URNs for 'naming authority assignment', not 'permanent'

(giving the thread a subject line)

> I like the idea of a univerally applied principle such as you 
> suggest. Could you expand a little on "'naming authority assignment' 
> schemes". I think I know what you are getting at... but I'm trying to
see why, 
> for example, the http URI scheme wouldn't fall on the URN namespace
side of 
> this distinction - it establishes URI assignment authorities  that
then control the
> assignment of URI within some sub-space. Maybe URI assignment
authorities
> don't fall within the locus of what you mean by a 'naming authority'.

URIs are protocol elements intended for communication.
To be useful, the definition of the URI scheme should
tell the receiver of a URI what resource the URI identifies.

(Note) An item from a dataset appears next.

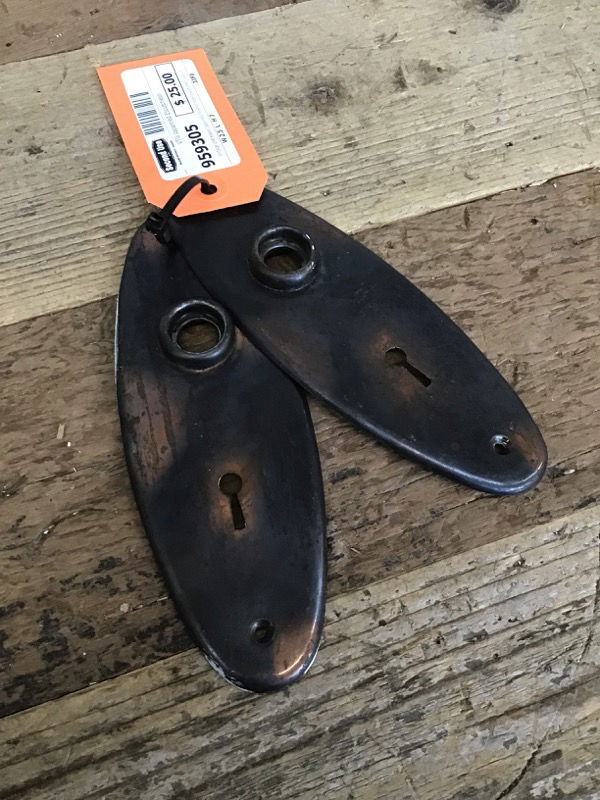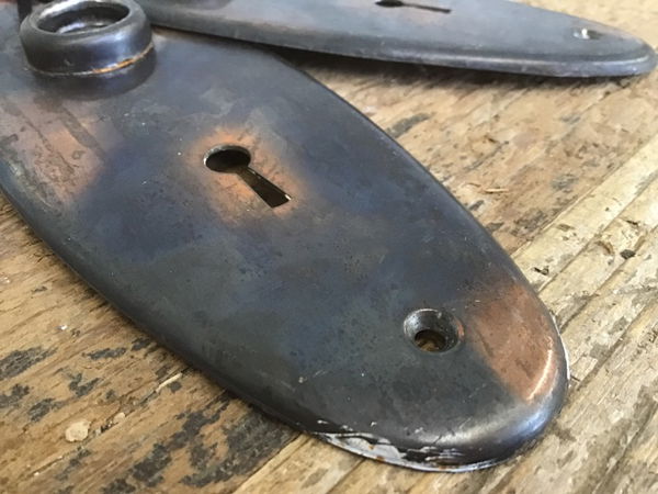 Vintage Japanned finished steel escutcheon pair. Has a distressed oxidized bronze appeal.

When you define a URI scheme, you are expected to define the
access semantics of the scheme -- how it is that a receiver
of a URI in the scheme is supposed determine the resource
that the URI identifies. For 'http', the definition URIs with
the http scheme is in the HTTP protocol specification, and
the definition is tied to the HTTP protocol.  (People might
use HTTP URIs in other ways to indicate something else, but
that use isn't part of the definition of the HTTP scheme.)

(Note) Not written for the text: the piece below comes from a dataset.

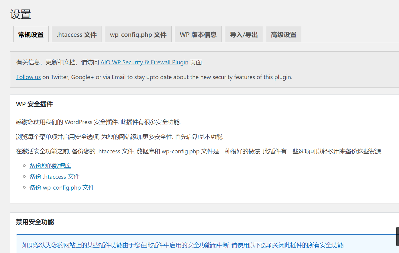 搭建完博客,账户安全也要引起重视。wordpress本身的账户安全功能几乎没有,甚至连个登录IP等无法记录,这时就需要一个插件来补充安全功能了。本文介绍的是All In One WP Security插件

The "urn" namespace was defined as a system which had no
defined operational interpretation for determining the
resource identified; rather, it allowed namespace authorities
to create naming rules, and that the receiver of a URN
would have to use other means to actually locate the
resource.

Of course, it is possible to treat a locator (such as a HTTP
URI) as if it were a uninterpreted identifier; many applications
of URIs do this. And it is possible to devise an operational
protocol for resolution of URNs. But neither of these are
definitional.

The guidelines for IETF registration of URI schemes vs.
URN namespaces could be specific that the namespace definition
needs to be explicit about whether the operational protocol
is definitional or merely a heuristic.

For doi, hdl and info, it seems that the intent is
to make the registry itself definitional, and the resolution
mechanisms heuristic. Because of this, I think they fit
into the "URN namespace" scope.  For "tag", again, the
goal is to avoid any definition of any operational means
of identification, so it would fit into a URN namespace
also.

However, for "tdb" and "duri" (http://larry.masinter.net/duri.html),
as well as "hash", (draft-thiemann-hash-urn-00), there *is*
an operational definition for determining the resource identified,
so they would fit better as new URI schemes.

What do you think of this as a guideline? I believe there
are many namespace registrations that are hanging because
of the weak guidelines between "URN namespace vs. URI scheme",
and this might help. Except for inertia of work already
underway, are these workable as guidelines?